01-06-2006 - Traces, n.6

The Da Vinci Code

The Truth
Around that Table

The best answer to all the falsities about The Last Supper is found in Leonardo’s notes on the fresco. Much more dramatic than union with Magdalene or slit throats…

by Giuseppe Frangi


John, Chapter 13, verse 21. This verse is like a freeze frame, the exact freeze frame of Leonardo’s Last Supper. The great artist’s fidelity to the dynamics of that instant is stunning. Leonardo was explicit in his intentions from his very first studies, as demonstrated in the extraordinary entries in the Forster II Codex, now conserved in London’s Victoria and Albert Museum. Let’s follow John’s telling. Jesus, seated at table, had just a moment before given an announcement that made the blood of His table companions run cold. “I tell you solemnly, one of you will betray Me.” These words fell like lead on the gathering, and explain the agitation overwhelming the Apostles. Many have sprung up from their seats. Incredulous glances, some tinged with suspicion, shoot around the table. “The disciples looked at one another, puzzled as to whom He could mean,” says John. Leonardo echoes this as if he were present, reporting on that instant, opening out the evangelist’s story with a running shot of the entire table. In his notes, Leonardo wrote, “One was drinking and left the goblet in its place and turns his head toward the speaker. One laces his fingers together and looks at his companion wide-eyed… Another speaks in the ear of another, and the latter listens, turning to him, leaning his ear to him, holding a knife in one hand…The other in turning…spills with that hand a goblet on his shoulder. The other puts his hands on the table and looks… The other blows air on his bite. The other bows in looking at the speaker…The other draws back behind the one bowing and sees the speaker between the wall and the bowing man.”

Peter and John
So Leonardo digs and explores to accompany and almost complete John’s telling of the event. “One of them, the disciple whom Jesus loved, reclined close to Him as they ate.” The evangelist remembered this detail well, because he was speaking of himself. Leonardo follows this trail, trying to imagine it. None of the Apostles knew how to approach Jesus to wring from Him the secret of those terrible words. Not Thomas, whose extended finger (the one he would use after the Resurrection to “touch” the body of the Lord) seemed to implore a bit of clarity. Not James, open-armed, as if paralyzed in his consternation. Not Philip, with his hands on his chest in an almost cowardly gesture, as if to say he had nothing to do with it. Only Peter, the most practical and expert, knew the only thing to do to emerge from that anguishing situation. He called John to himself, because he knew that John, the beloved disciple, was the only one of the Apostles who could know, who could search the Lord’s heart.

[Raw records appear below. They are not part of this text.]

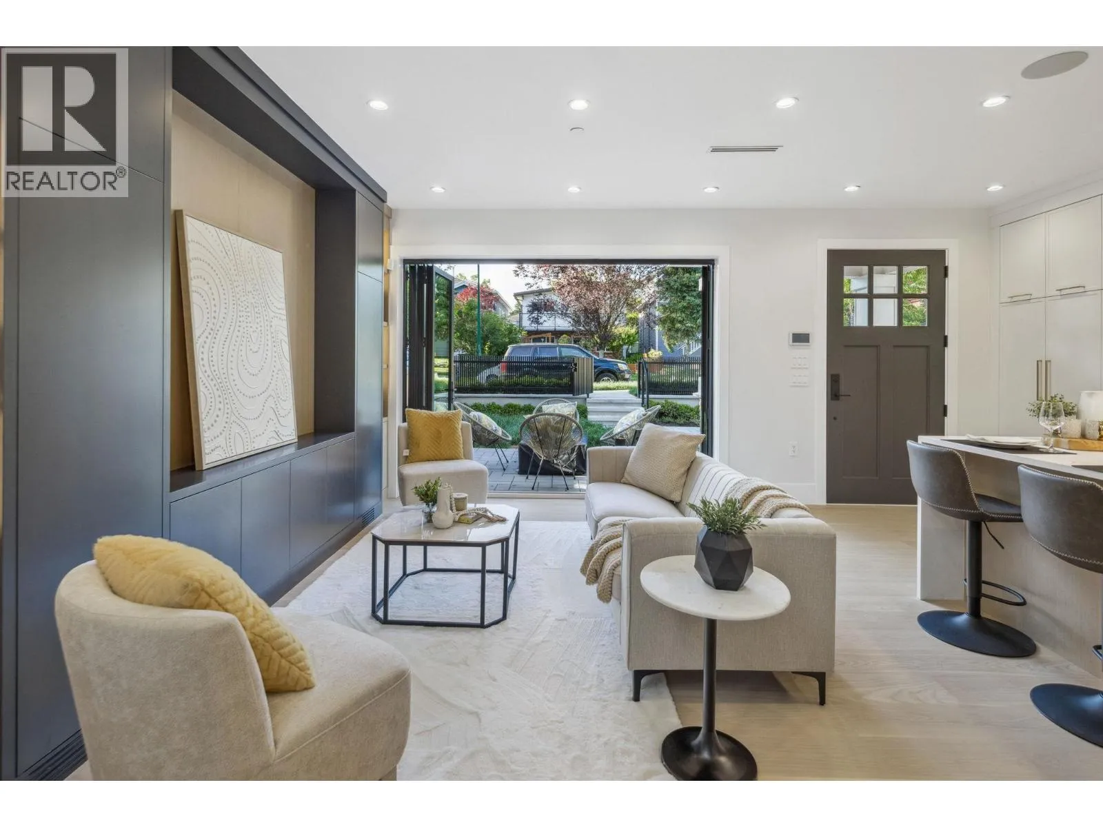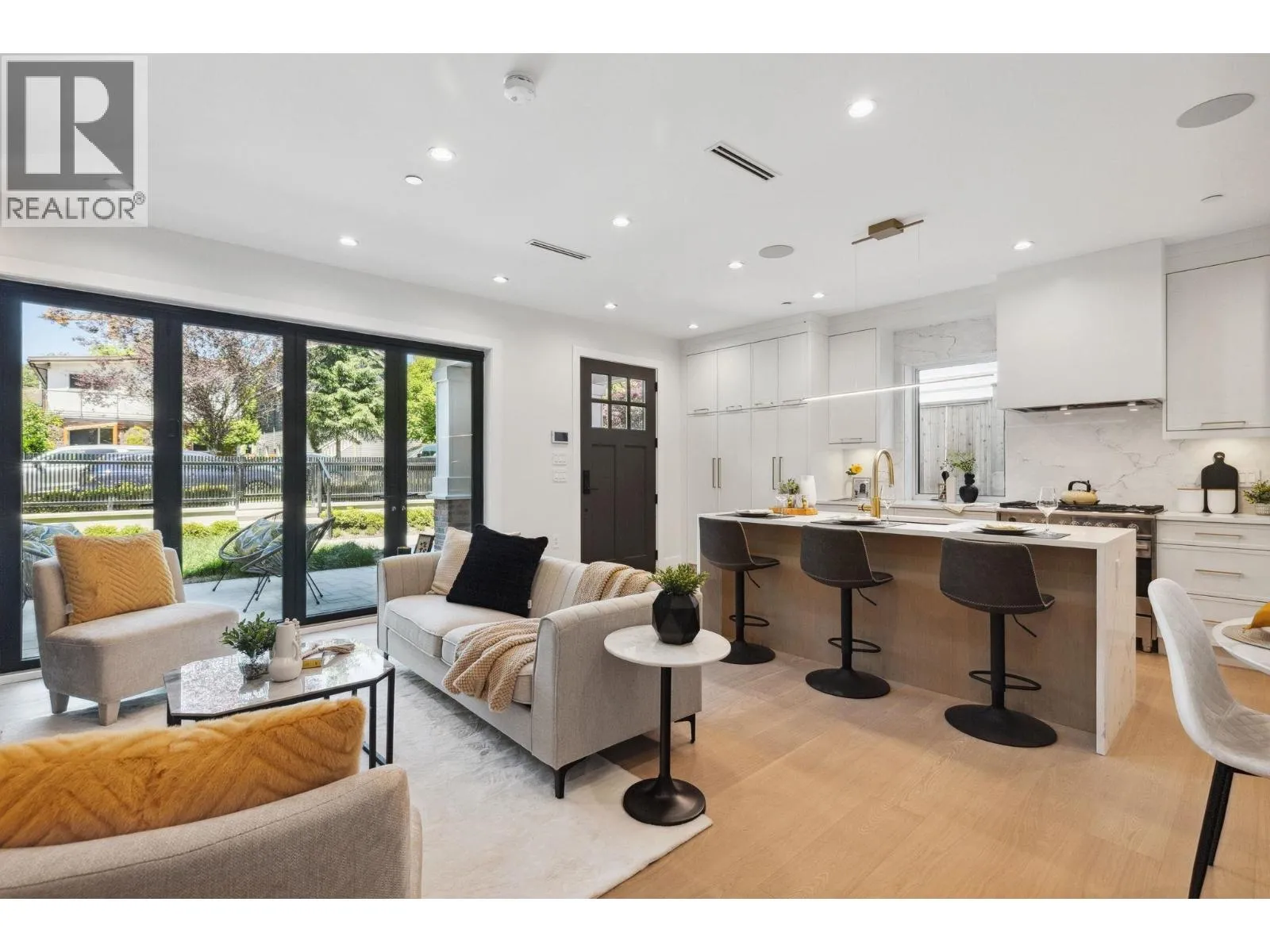 Experience elevated East Vancouver living in this brand-new front duplex, designed for the Trout Lake lifestyle and nestled in the heart of Grandview-Woodland. Built by Encore Collection with a focus on quality and comfort, this 3-bedroom, 3.5-bathroom home offers 1,691 SQFT of thoughtfully crafted space. The open-concept main floor seamlessly connects to the outdoors through accordion-style doors that lead to a private patio-ideal for entertaining or everyday enjoyment. Premium features include high-end Fisher & Paykel appliances, built-in speakers, air conditioning, and modern designer finishes throughout. Live just moments from the vibrant energy of Commercial Drive, the serenity of Trout Lake, and the convenience of transit and top-rated schools. This is a home that truly blends lifestyle, location, and luxury-perfect for families and professionals alike. Open House Sun (Feb 15) 2:30 - 4:30 PM. (id:27476)
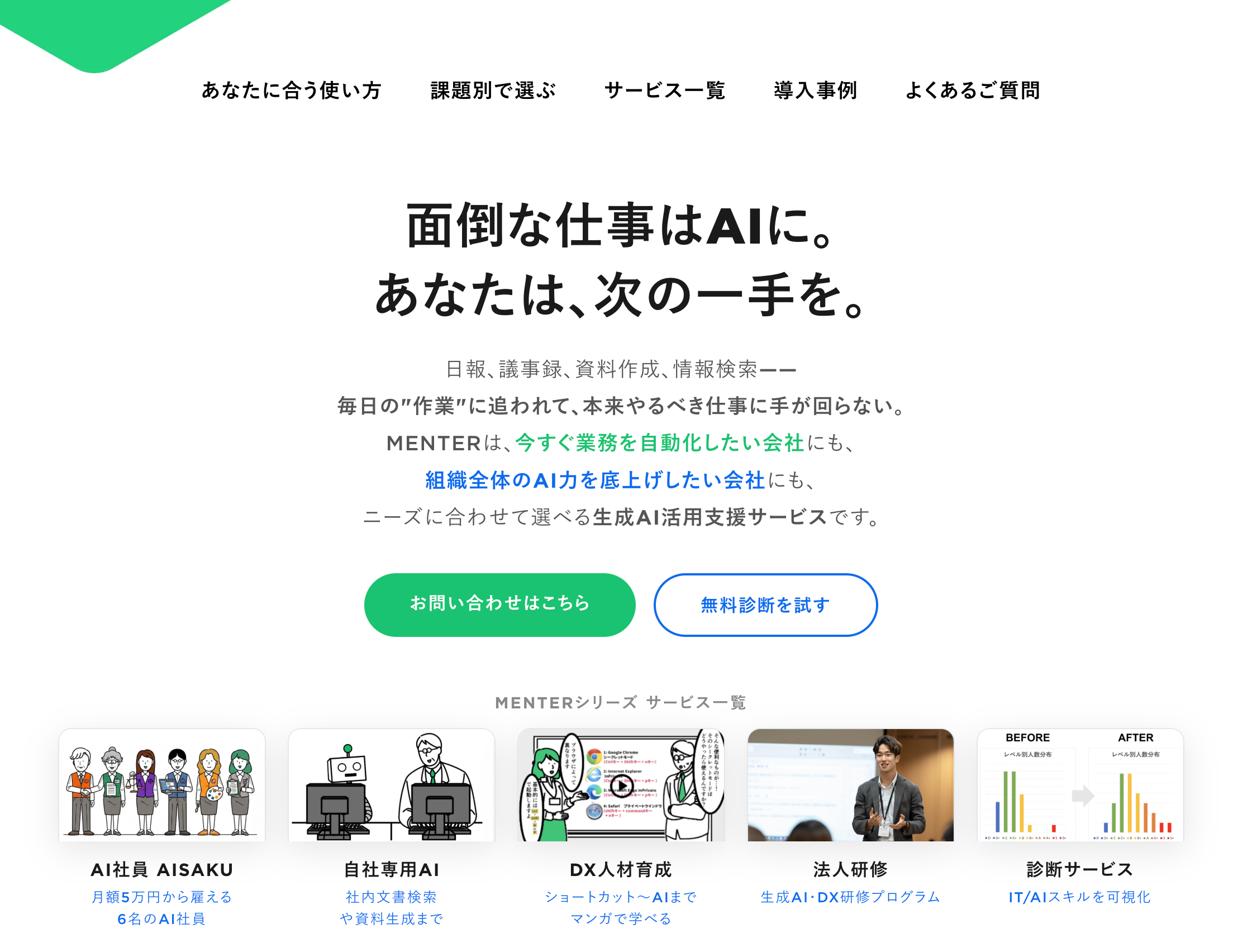 DX人材育成・生成AI活用支援に強い法人向けサービス「MENTER」シリーズ製品を提供する会社です。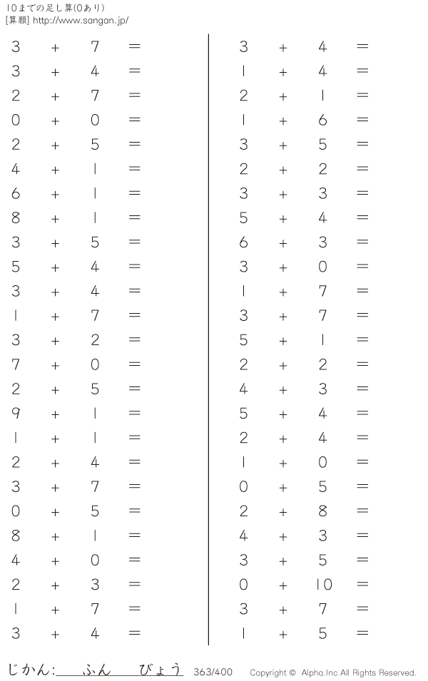 上記のボタンから「10までの足し算」の算数数学ドリル・計算ドリル(PDFプリント)がダウンロードできます。個人利用は無料です(家庭以外での配布は有料です)。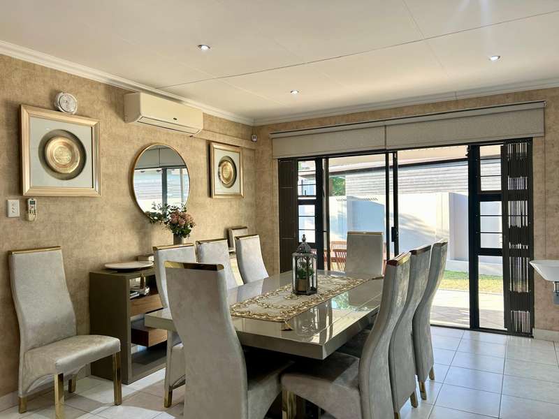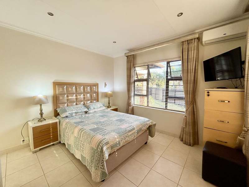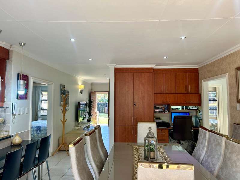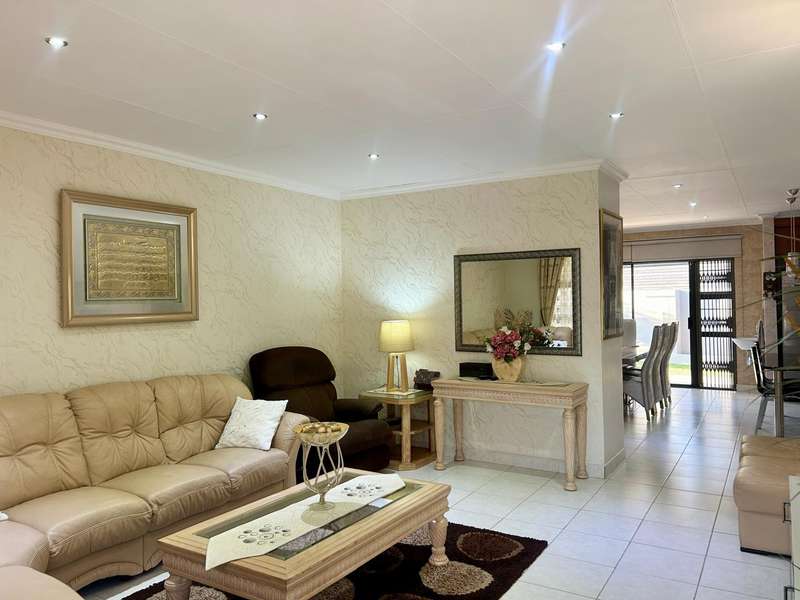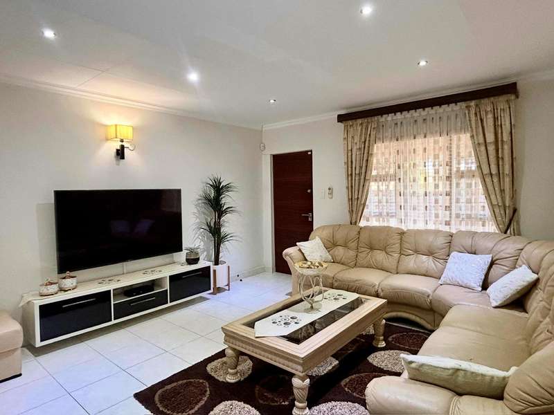 This beautifully maintained single-level home offers comfort, space, and versatility for modern family living. Featuring a generous master bedroom with en suite, a dedicated study area, and a well-designed extension that includes a separate scullery, storeroom, and a private fourth en suite bedroom—ideal for guests or extended family. Enjoy seamless indoor-outdoor living with a large front and back garden, perfect for entertaining or relaxing. The home also includes a double garage and water storage solutions for added convenience. Located in a well-run, family-friendly complex that boasts excellent amenities including a swimming pool, clubhouse, and jungle gyms, this property offers an unbeatable lifestyle.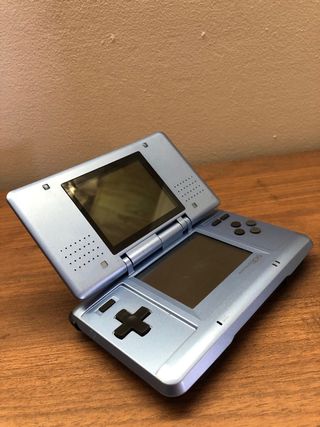 Console Nintendo DS Fat in colorazione blu. La console è funzionante. - Doppio schermo. - Tasti direzionali e pulsanti. - Altoparlanti integrati.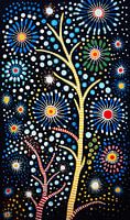 Deze boeiende serie kunst in Australische Aboriginal-stijl is een diep eerbetoon aan het rijke culturele tapijt en de eeuwenoude verteltradities van inheemse gemeenschappen. Door gebruik te maken van de iconische stippenschildertechniek weeft elk stuk op ingewikkelde wijze een complex verhaal samen dat een eerbetoon is aan de Dreamtime, het mythische rijk waar voorouderlijke geesten de wereld vormgeven. De doeken barsten van de caleidoscoop van aardetinten, die doen denken aan de ruige landschappen van de Australische outback, terwijl ingewikkelde patronen en symbolen de kijkers uitnodigen om dieper in te gaan op de spirituele en culturele dimensies van het werk. Geworteld in een eerbied voor het land en zijn heilige geschiedenis, biedt deze serie niet alleen visueel genot, maar ook een verrijkende, educatieve ervaring die de kloof tussen oude wijsheid en hedendaagse kunst overbrugt.
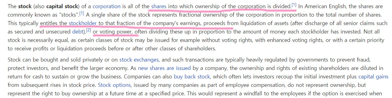 길게 써 있지만 요약하면 ‘회사의 수익에 대한 권리’ 및 ‘투표권’이라고 볼 수 있겠네요.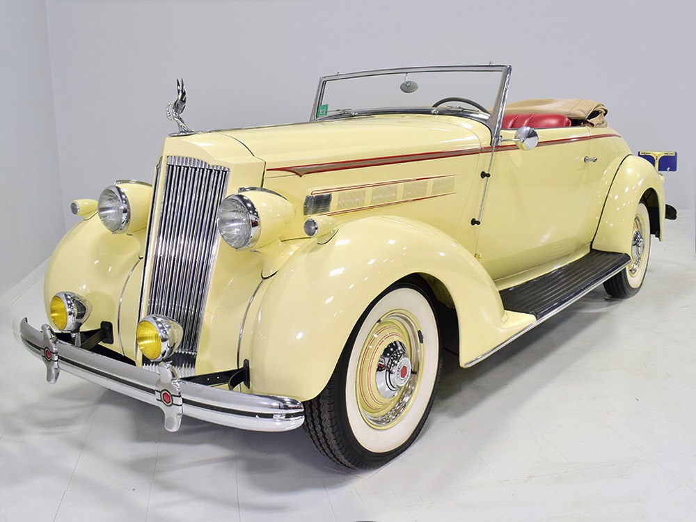 This lovely Packard combines the most desirable body style (the rumble seat would disappear after 1937) with what are arguably the best road manners of any '30s car you can own. With spectacular colors, excellent care and maintenance, a few clever upgrades, and no issues, it is ready to tour. Take this 120 home and we're quite certain you will love the way it drives. Call today!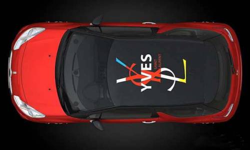 Автомобиль выполнен в красном цвете с черной крышей, на которую нанесен оригинальный символ Ива Сена Лорана.
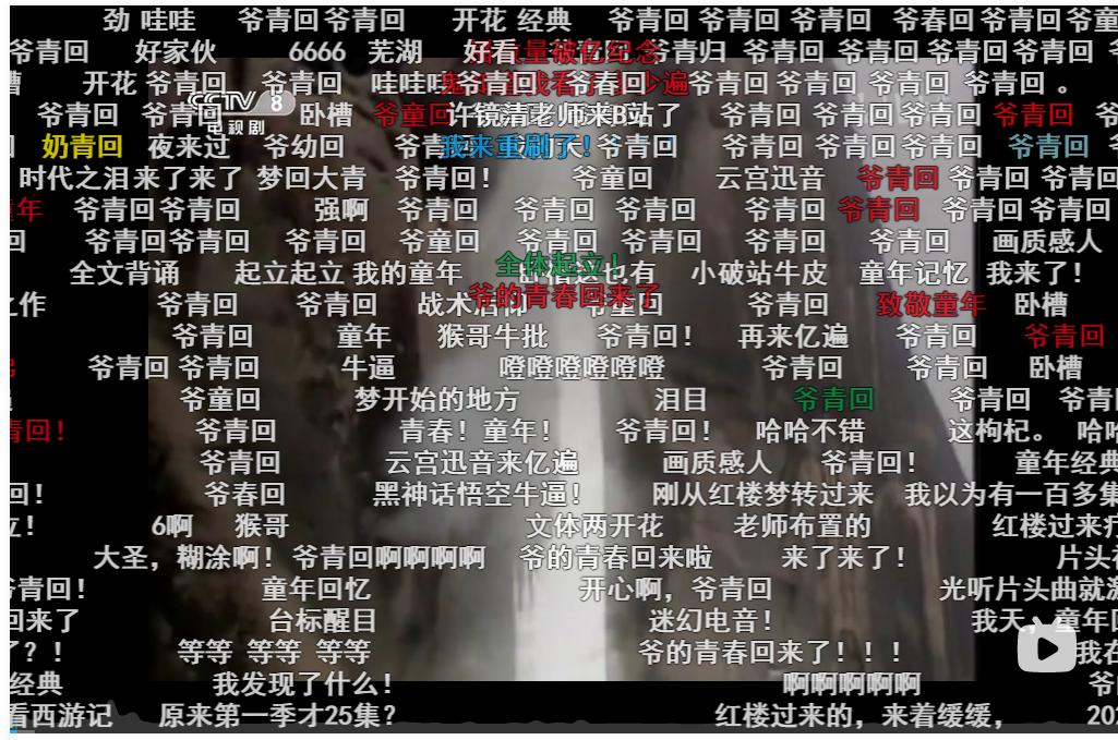 “爷青回”一词为“爷的青春回来了”的缩写。在类似86版西游记、周杰伦最新MV、仙剑奇侠传、产子回归的papi酱等视频内容的弹幕中,都有无数年轻人刷屏“爷青回”,来形容自己喜欢的经典内容终于久违地更新的快乐。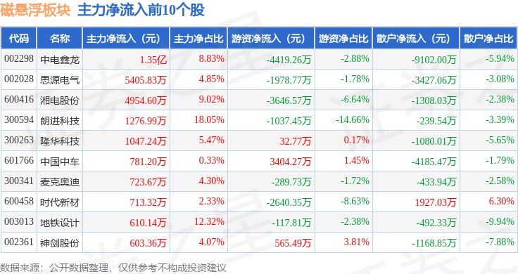从资金流向上来看,当日磁悬浮板块主力资金净流出19.63亿元,游资资金净流入6.17亿元,散户资金净流入13.45亿元。磁悬浮板块个股资金流向见下表:
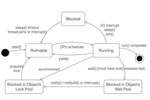 说明:其中 Running 表示运行状态,Runnable 表示就绪状态(万事俱备,只欠CPU),Blocked 表示阻塞状态,阻塞状态又有多种情况,可能是因为调用 wait()方法进入等待池,也可能是执行同步方法或同步代码块进入等锁池,或者是调用了 sleep()方法或 join()方法等待休眠或其他线程结束,或是因为发生了 I/O 中断。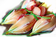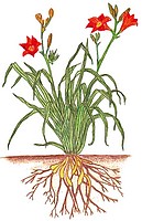 lis de St Jacques Fleurs portées par des hampes, forme en entonnoir, et étamines en évidence. ![]() racine tubéreuse comme pomme de terre, crus ou cuites, boutons floraux sautés dans le poêlon, pétales et sépales trempés dans de l'oeuf battu comme pour du pain doré, glaçages de gâteau avec des pétales et sépales colorées. sirop d 'hémérocalle sur de la crème glacé, sur des ailes de poulet .... Les pétales servent de décoration dans les coupes de dessert, sorbets, glaces, salades de fruits. ![]() ![]() pour 4 personnes - 300 grammes de saumon fumé. - 200 grammes de fromage en crème. - 1 c. à table de jus de citron. - 1 petite échalote hachée finement - quelques tranches de saumon fumé pour décorer chaque fleur. • passer le reste des ingrédients au robot culinaire. • cueillir les fleurs à la dernière minute, les rincer à l'eau froide. • garnir délicatement chaque fleur de la garniture, • décorer de petites tranches de saumon fumé, ajouter des câpres au goût, • servir sur un lit de laitue avec un petit blanc bien frais.

Leonardo captures this instant exactly, with a stunning respect for the psychologies of the characters. Peter has called John over and whispers something in his ear. If the fresco were a film, the next sequence would show the famous scene of John leaning his head on Jesus’ chest.

A precise order
In Peter’s other hand, emerging from behind the figure of Judas, he already is holding a knife. This Peter is lucid and fiery, ready to do anything to defend Jesus, as he would demonstrate a few hours later, in the Garden of Gethsemane, when he used that knife to cut off the ear of Malchus, one of the servant of the High Priest who had come to capture the Lord. The earthquake Jesus has unleashed with His announcement has already produced a precise order, because in the chain of Apostles, Judas already appears cut out, implacably alone, grasping his accursed hoard of coins in his hand. He’s present, but it’s as if he’s already far away, irreparably extraneous, an enemy. This is Leonardo’s Last Supper. Anything else is imaginary.